Comment by articulator on Don't teach people how to reach the top of a hill · 2014-03-24T20:39:53.978Z · score: 0 (0 votes) · LW · GW

Point. They are, however, nowhere near as robust as the ROM of old, and are often not truly ROM at all, so I wasn't really thinking of them in that category. Technically, you are correct, though.

The same can be said of the written English language (or just language in general). I expect, that with time and patience, it would be perfectly possible to reconstruct the system needed to read a data format, just from the data format itself. Harder, certainly, with more layers of encoding, but by degree, not kind.

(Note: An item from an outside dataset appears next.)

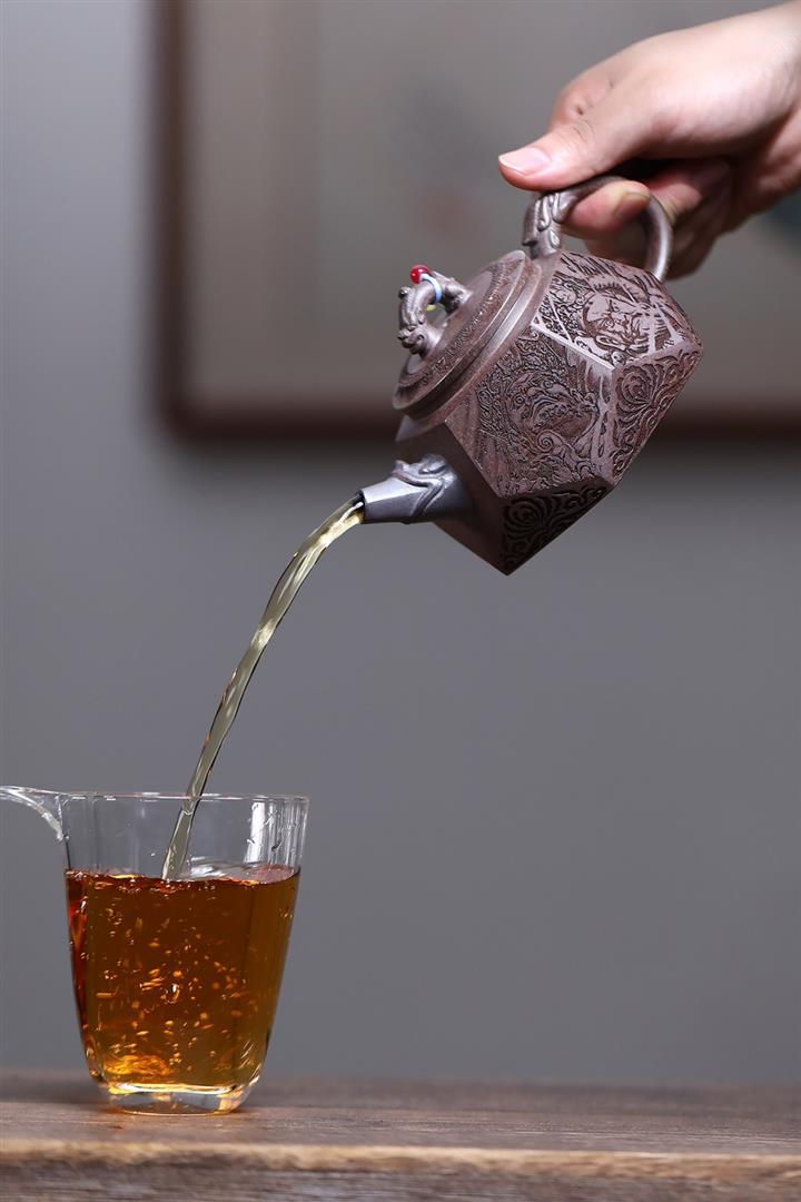 【泥料特點】砂土氣重,似淳實農民,日久使用,漸露鋒芒,養成變化,溫潤莊重。紫砂是壹種雙重氣孔結構的多孔性材質,氣孔微細,密度高。用紫砂壺沏茶,不失原味,且香不渙散,得茶之真香真味。紫砂使用越久,壺身色澤越發光亮照人,氣韻溫雅。紫砂壺長久使用器身會因撫摸擦拭,變得越發溫潤光澤。

If we are attempting to preserve data beyond the point where the human race can look after it themselves, chances are that any information at all, regardless of storage medium, will require a fair bit of detective work, decryption, and translation.

Comment by articulator on Don't teach people how to reach the top of a hill · 2014-03-24T01:13:47.026Z · score: 0 (0 votes) · LW · GW

It was my gut reaction of about two seconds. At that point that I remembered Friendship is Optimal and chuckled internally at my amusingly illogical double standards.

As long as information and utility are both conserved, and ideally increased (in proportion to the entropy expended in the process), I really see no problems intellectually, even if I dislike the thought of mutilating books on principle.

Comment by articulator on Don't teach people how to reach the top of a hill · 2014-03-24T01:10:04.353Z · score: 1 (1 votes) · LW · GW

The answer is a good sturdy ROM.

I'm inclined to think that big companies and governments may already be doing this sort of thing, but since ROM is basically useless for consumers, we don't see any of it.

If it's not already being done, that's a big project someone needs to get on.

Comment by articulator on The Generalized Anti-Zombie Principle · 2013-11-13T19:50:42.422Z · score: 1 (1 votes) · LW · GW

Apologies.

I have indeed used paradox incorrectly. Your latter definitions are more appropriate. My confusion arose from the apparent possibility, but I see now that 'paradox' would only be correct if my argument also still felt the existence of the zombie was possible.

However, I hope that despite that minor terminology quibble, you were still able to understand the thrust of my argument. If my argument is unclear from the line you quoted, it is worth noting that I explain it in the following paragraphs.

Comment by articulator on The Generalized Anti-Zombie Principle · 2013-11-13T17:56:39.668Z · score: 0 (0 votes) · LW · GW

If we assume Reductionism and Naturalism, the concept of the Zombie is a paradox.

The two premises I have just outlined are mutually exclusive to the premise "beings that are atom-by-atom identical to us... except that they are not conscious."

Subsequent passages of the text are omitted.